PROBLEM DETAILS: No pictures belong in the answer. Repeat all the entries exactly.

INPUT:
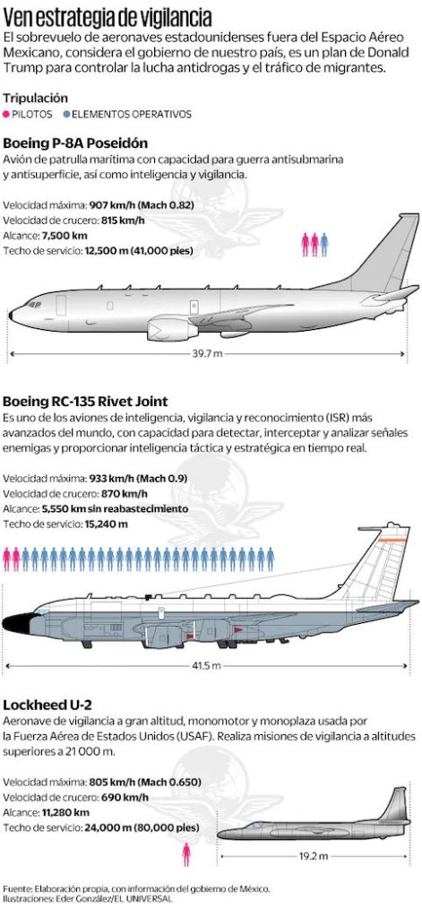 Integrantes de las Fuerzas Armadas detectaron tres aeronaves militares espías de Estados Unidos que han sobrevolado —fuera del Espacio Aéreo Mexicano— los límites de nuestro país y que, entre sus principales funciones, se encuentra la intercepción de comunicaciones.
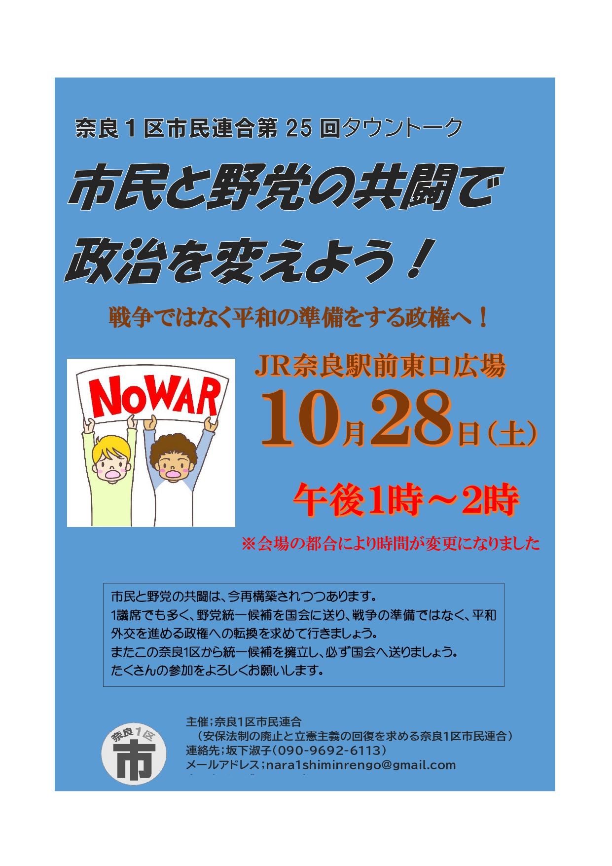 奈良1区市民連合 第26回タウントーク 11月25日(土)11時~12時 JR奈良駅前東口広場にて 市民と野党続きを読む “第26回タウントーク”
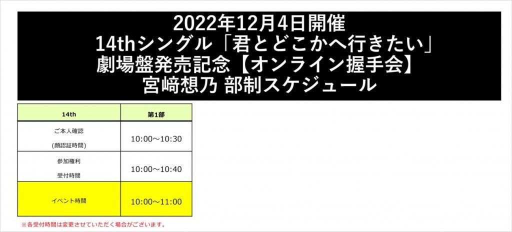 上記の14thシングル受付分を含めた各メンバーのタイムスケジュールは以下となります。
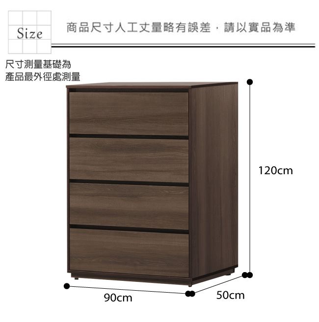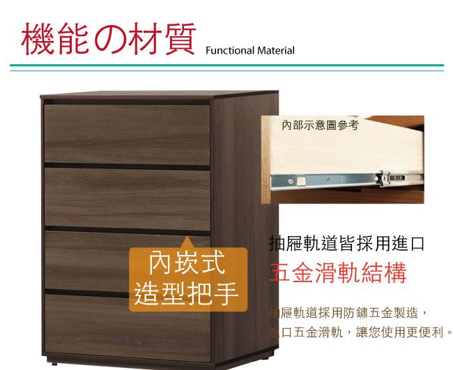 材質 | ◆產品名稱: 【綠家居】雷迪 時尚3尺四抽斗櫃/收納櫃 尺寸:(寬)90x(深)50x(高)120/公分 ◆材質: 材質:防蛀木心板+五金滑軌結構+防刮耐磨腳座 外層採用防潮耐磨噴漆處理
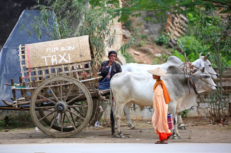 У тех же девушек можно купить шляпы и юбки, чтобы сделать художественные фотографии в еще одном уникальном месте – у белой пагоды Синбьюме-Пайя. Она была постоена правителем Багидау в память об умершей жене и отличатся от других пагод уникальным сочетанием цвета и формы. Пагода является физическим воплощением бирманских мифов о космической природе мироздания, соединяя в своей архитектуре 7 горных хребтов, 7 волн океана и 7 небес на пути к священной горе Меру. Невесты со всей Мьянмы едут сюда сделать фотографии перед свадьбой.
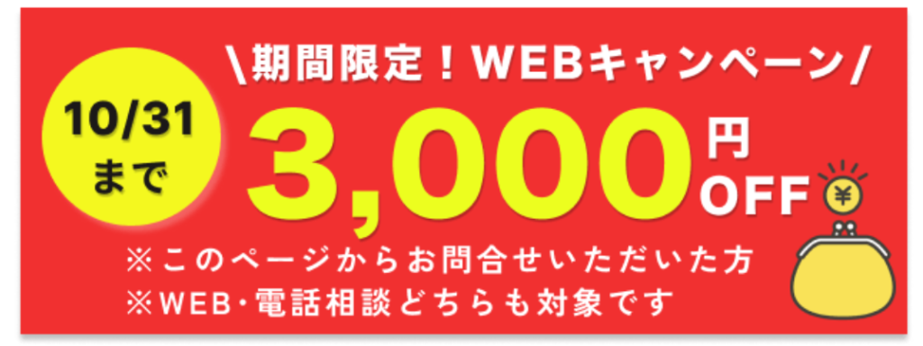 今なら、WEBフォームからのご成約で3,000円OFFになるキャンペーン実施中!
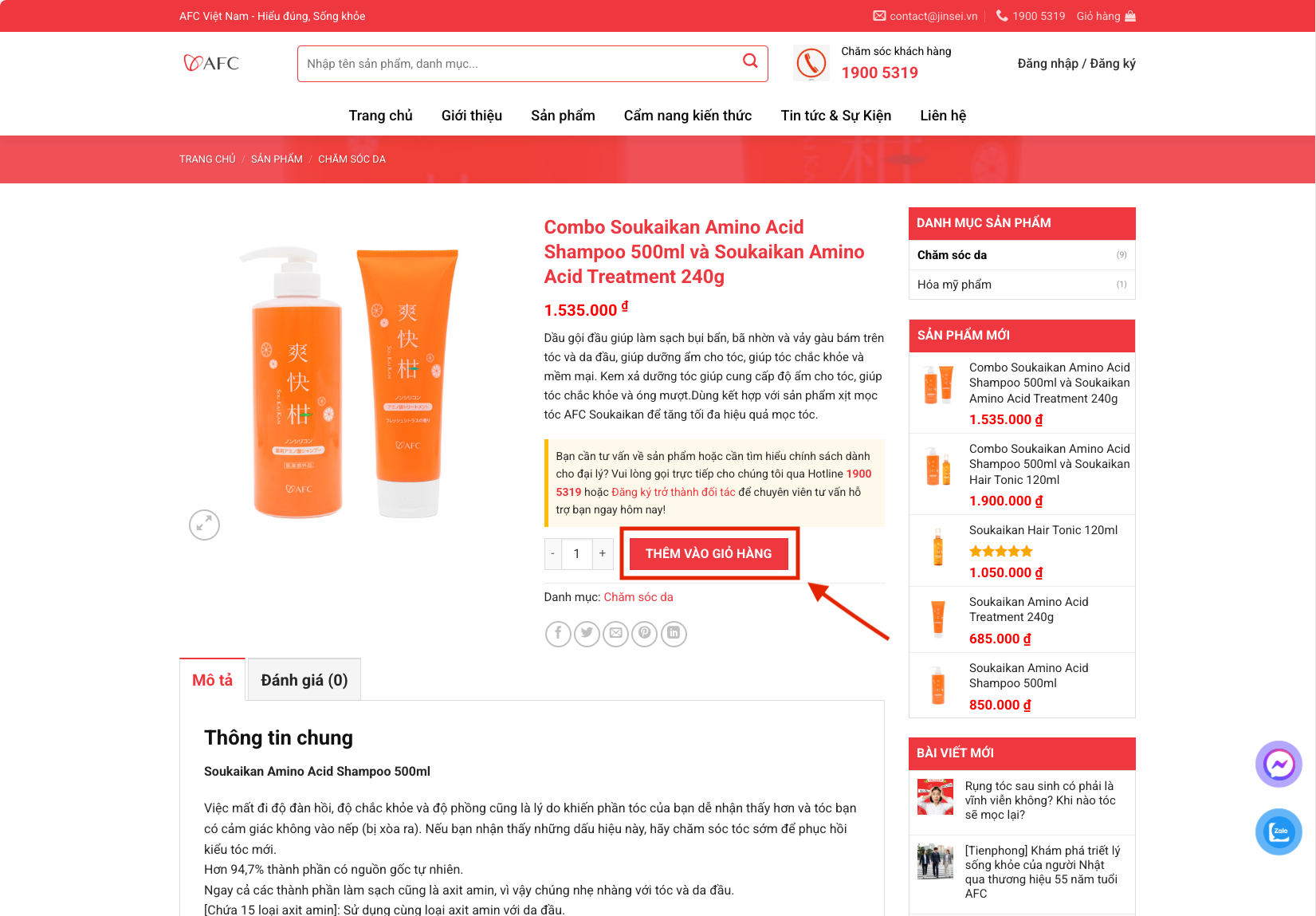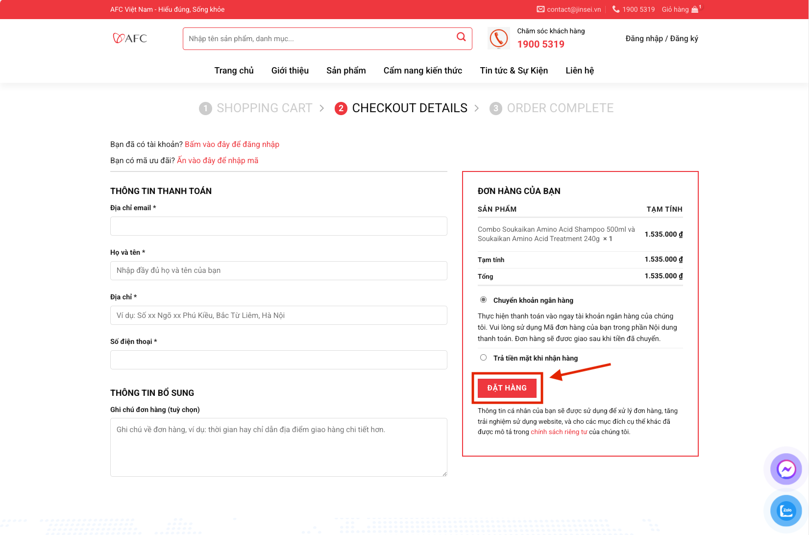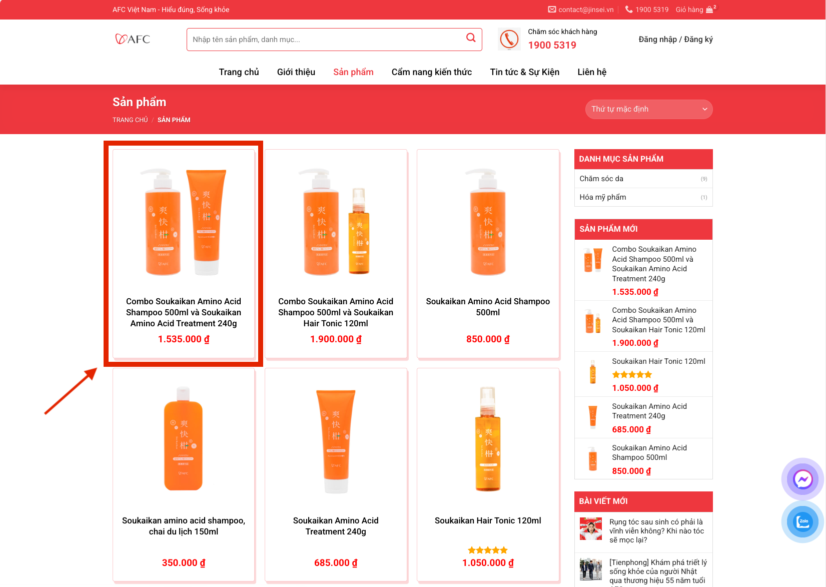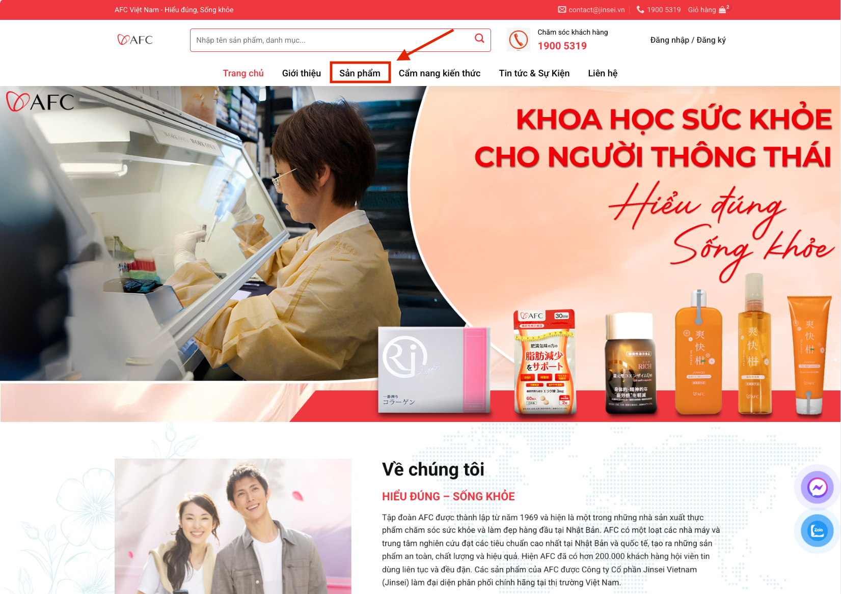 Bước 1: Truy cập website afcshop.vn và mục “sản phẩm” để xem các mặt hàng.

TASK RESPONSE:
 Integrantes de las Fuerzas Armadas detectaron tres aeronaves militares espías de Estados Unidos que han sobrevolado —fuera del Espacio Aéreo Mexicano— los límites de nuestro país y que, entre sus principales funciones, se encuentra la intercepción de comunicaciones.
 奈良1区市民連合 第26回タウントーク 11月25日(土)11時~12時 JR奈良駅前東口広場にて 市民と野党続きを読む “第26回タウントーク”
 上記の14thシングル受付分を含めた各メンバーのタイムスケジュールは以下となります。
 材質 | ◆產品名稱: 【綠家居】雷迪 時尚3尺四抽斗櫃/收納櫃 尺寸:(寬)90x(深)50x(高)120/公分 ◆材質: 材質:防蛀木心板+五金滑軌結構+防刮耐磨腳座 外層採用防潮耐磨噴漆處理
 У тех же девушек можно купить шляпы и юбки, чтобы сделать художественные фотографии в еще одном уникальном месте – у белой пагоды Синбьюме-Пайя. Она была постоена правителем Багидау в память об умершей жене и отличатся от других пагод уникальным сочетанием цвета и формы. Пагода является физическим воплощением бирманских мифов о космической природе мироздания, соединяя в своей архитектуре 7 горных хребтов, 7 волн океана и 7 небес на пути к священной горе Меру. Невесты со всей Мьянмы едут сюда сделать фотографии перед свадьбой.
 今なら、WEBフォームからのご成約で3,000円OFFになるキャンペーン実施中!
 Bước 1: Truy cập website afcshop.vn và mục “sản phẩm” để xem các mặt hàng.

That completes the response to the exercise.